To a lawyer not practicing steadily in the construction area, the mechanics lien law presents pitfalls. Add the complexities of the Bankruptcy Code, and counsel can use guidance. The present article covers one point only: perfection of the mechanics lien in accordance with state law remains necessary and is permissible after owner files bankruptcy. This point is critical. Much is simplified if this point is understood.

Typical Fact Pattern

       We assume the following: (1) only one general contractor is involved; (2) the owner has recorded no "notice of cessation" under Civil Code §3092; and (3) the owner has recorded no "notice of completion" under Civil Code §3093. If either notice has been recorded, the contractor's time for recording a claim of lien would have begun to run upon recordation of that notice, and not upon "completion" of the job. ("Job" is common parlance for the "work of improvement" defined in Civil Code §3106.) "Completion" is defined in Civil Code §3086.

       General contractor completes the job, which starts the running of the 90-day period for perfection of the mechanics lien by the recording in the office of the county recorder of a document named "claim of lien."
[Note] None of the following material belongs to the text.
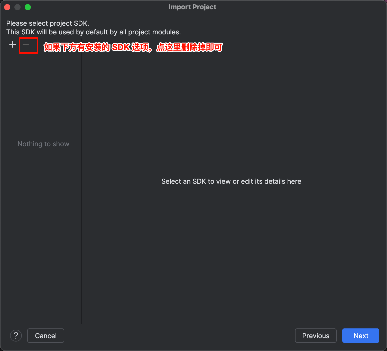打开IDEA,选择File -> New -> Project from Existing Sources...,选择源码目录,后面的步骤中会提示选择 SDK,也不要选择,把可选的 SDK 删除掉,点击Next即可:

       It is helpful to view the mechanics lien process as a three-step process. Step one is creation of the lien, which occurs upon contribution of labor or materials to the project. All mechanics liens have the same priority, based on the moment when the first contractor or supplier provides labor or materials for the job. Simons Brick Co v Hetzel, 72 Cal App 1, 236 P 357 (1925); see also Westfour Corp v California First Bank, 3 Cal App 4th 1554, 1563, 5 Cal Rptr 2d 394, 399 (1922). Upon delivery of a load of pipe or turning of a spade of earth, the "mechanic" obtains the right to be paid eventually, if necessary, out of the value of the real property benefitted. However, this right is an "inchoate" or unmatured, "unperfected" right.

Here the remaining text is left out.